Dethklok's Brendon Small
John Goodman

Who says a cartoon band can’t pack the Hollywood Palladium? As the band behind the larger-than-life animated death metal group in Comedy Central’s Metalocalypse, Dethklok proved their real life worth during a ruckus Thursday night show at the famed L.A. venue last week. The real band’s frontman, Brendan Small, is also the show’s creator, and provides voices for several of the Metalocalypse characters. In flesh and blood, the band members on stage were slightly older and less glamorous than their cartoon aliases, but the music had all of the talent and youthful energy of an internationally renowned rock and roll sensation. Typical of people who grew up watching Headbangers’ Ball, Small and his crew have a passion for highly technical metal circa the late 1980s. The diverse crowd at the band’s Palladium stop ate up the complex guitar solos and brutally staccato lyrics, as music videos and clips from the show flashed across the screen behind them. Dethklok itself functioned more as a pit band, with the stage lights dimmed and Small interjecting occasional character comments from cartoon frontman Nathan Explosion, cartoon lead guitarist Skwisgaar Skwigelf, and Pickles, the Wisconsin-accented cartoon drummer, all of which he voices in the show.

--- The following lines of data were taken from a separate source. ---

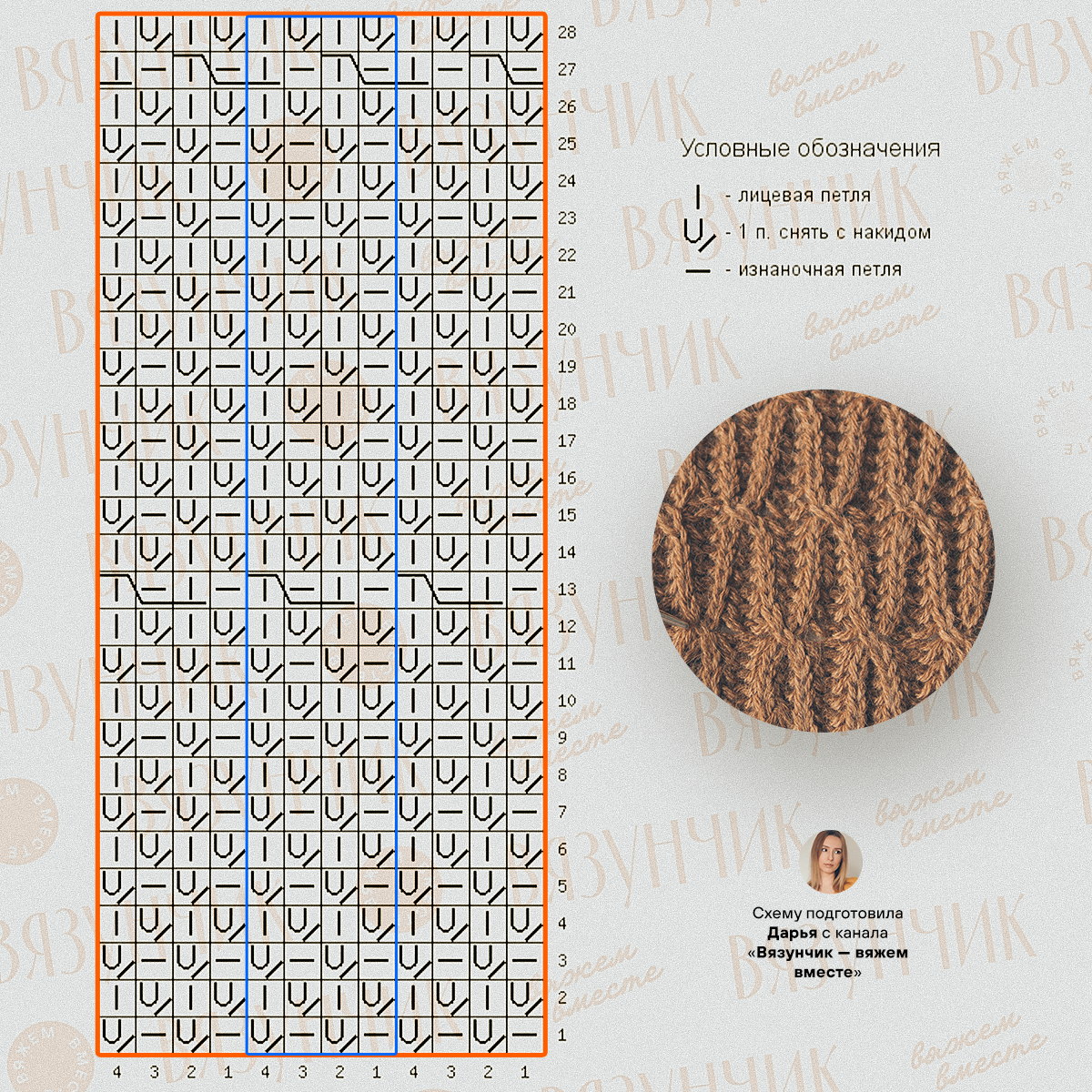 На схеме синей рамкой выделен 1 раппорт узора — 4 петли и 28 рядов. Здесь все ряды, включая изнаночные, но для вязания по кругу.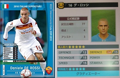・このチームで一番の貢献でしたよ。ガツガツ奪いに行く姿勢は若い頃のカードをお使いください。このデ・ロッシはアンカータイプですかね。ディレイする感じではありますが、守備範囲が広いのでピルロのカバーも出来ちゃいます。メッシやロナウドクラスに抜かれても2度追いかけるぐらいの気持ちを見せてくれますよ。センターラインで奪ってそのままゴールというシーンが何度かありましたが、プレスボタン押しっ放しにしてると結構前へ奪いに行っちゃいます。ただ、問題があるのが、過去に優良白カードとして排出されてるのでキラを使うべきかどうかってところですね。どっちみちイタリア縛りでならデ・ロッシそのものは外せないですね。今でも白デロッシ、白ペロッタのセット見ますもん。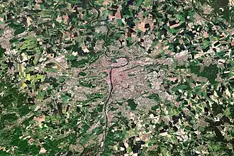 Panorama Prahy z Petřínské rozhledny. Vlevo jsou vidět Hradčany s Pražským hradem, jemuž dominuje svatovítská katedrála, pod nimi se rozkládá Malá Strana s chrámem sv. Mikuláše a věží Pražského Jezulátka. Ve středu snímku záhyb Vltavy překlenutý (zprava) Karlovým, Mánesovým a Čechovým mostem obtéká Staré Město. U horizontu leží Severní Město, Letná a Holešovice, Karlín, Vinohrady, Nové Město, Žižkov, Pankrác, Podolí i další čtvrti a Žižkovský vysílač.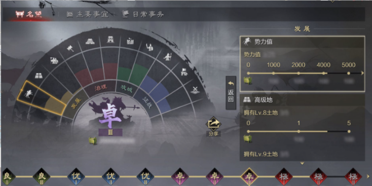扩大领土,关键是要提升名望值。名望值每增加100点,领地面积上限就会提高1格。名望值会随时间自然增长,每5分钟自动增加1点,但最快的提升方式是完成游戏内的名望任务。当名望值达到上限时,可以通过建造社稷坛来进一步提高名望上限,从而继续扩张领地。领地面积上限最高为450格,达到后就不再增加了。如果发现领地已经满了,暂时无法占领新的土地,可以考虑放弃一些低级领地,优先保留高级资源地。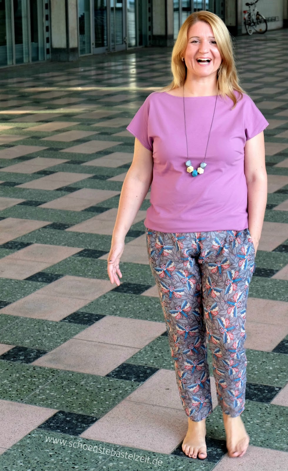 Für den Nähbloggerinnen-Katalog hab ich mich bewusst für ein Outfit entschieden, das ich genauso auch im Laden gekauft hätte: eine lässige Sommerhose, dazu ein Oberteil in uni. Wobei mich „uni“ in diesem Fall wirklich vor eine schwere Entscheidung gestellt hat. Und allen Ratschlägen zum Trotz ist es für den Katalog nun doch das Oberteil in Flieder geworden. Aus einem einfachen Grund: Wäre ich shoppen gewesen, hätte ich Flieder gekauft!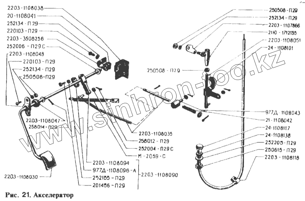 Каталог запасных частей к технике: РАФ-2203. Акселератор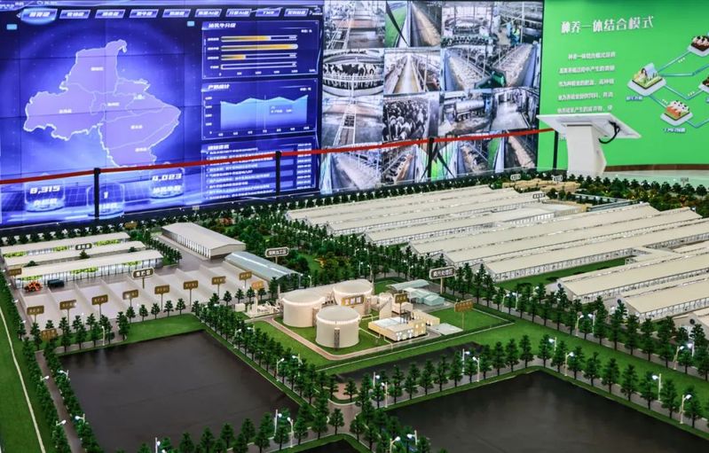 生態(tài)化發(fā)展加速轉型。牧場智慧生態(tài)系統(tǒng)的污水循環(huán)管理設備包含牧場污水管路3D圖與污水監(jiān)測點位信息,實時監(jiān)測牧場污水指標,并將數(shù)據(jù)同步上傳至環(huán)保部門,確保牧場水質監(jiān)管到位。沼氣發(fā)電系統(tǒng)將標準化工藝處理糞污產(chǎn)生的沼氣用于發(fā)電,沼液利用后的沼渣作為牛床墊料的生產(chǎn)原料,不僅成本低,還有效降低了養(yǎng)殖風險。同時在場區(qū)配備廢氣檢測設備監(jiān)測養(yǎng)殖氣體環(huán)境,配備消防監(jiān)控設備監(jiān)測飼草區(qū)與沼氣發(fā)電區(qū)域煙火狀況。智能生態(tài)系統(tǒng)采取糞污固體發(fā)酵、沼氣烘干回床、沼液還田方式,實現(xiàn)“變廢為寶”。對牧場糞污發(fā)酵后的液位進行采集,經(jīng)過無害化處理后的沼液通過預設專用管道,在卷盤式噴灌機的運轉下自動噴灑在專屬消納用地的田間作物上,形成種養(yǎng)一體循環(huán),有效提高了糞污綜合利用水平。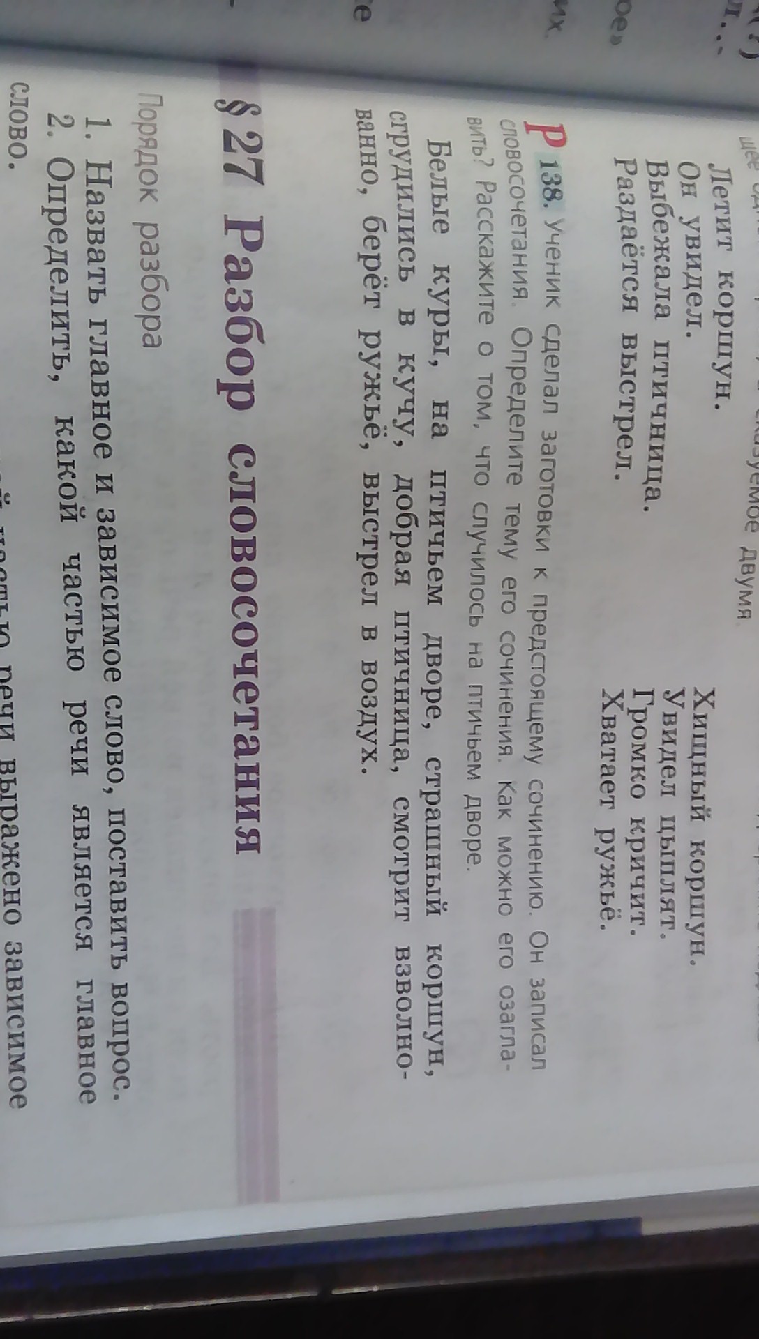 Однажды, добрая птичница выпустила белых кур погулять на птичьем дворе.Стояла прекрасная погода,куры разбежались по всему двору, ничего не предвещало беды, как вдруг появился страшный коршун-он хотел утащить птенца. Куры испугались и сгрудились в кучу. Они увидели как хозяин берет ружье и выходит во двор. Коршун не обращал на него внимания и тогда прогремел выстрел в воздух, коршун испугался и улетел. Птенцы остались живы.

Metalocolypse can be aptly described as a dark comedy, a light parody of the debauched behavior and functional ineptitude that so many metal bands have been known for. The characters are all involved in a dark subplot involving an end-of-days prophecy in which the band is unwittingly the key component. Despite the fact that they never seem to kill anyone intentionally, multiple characters die brutal deaths in every episode – which the band thinks is pretty metal. Somehow, Small and Tony Blacha, the show’s co-creator, always manage to make Metalocolypse‘s gory fare humorous, and its farcical nature rivals that of Gwar or Cannibal Corpse. Those who ventured to the Palladium last week had the opportunity to enjoy, amongst other presentations, the blood and guts strewn cartoon music video of “Murmaider” on the monstrous video screen with live band in the background. Some people may be put off by the sort of material played, but the crowd was appreciative, and people in the mosh pit were happy and courteous, willingly picking up their fellow moshers when they took a spill.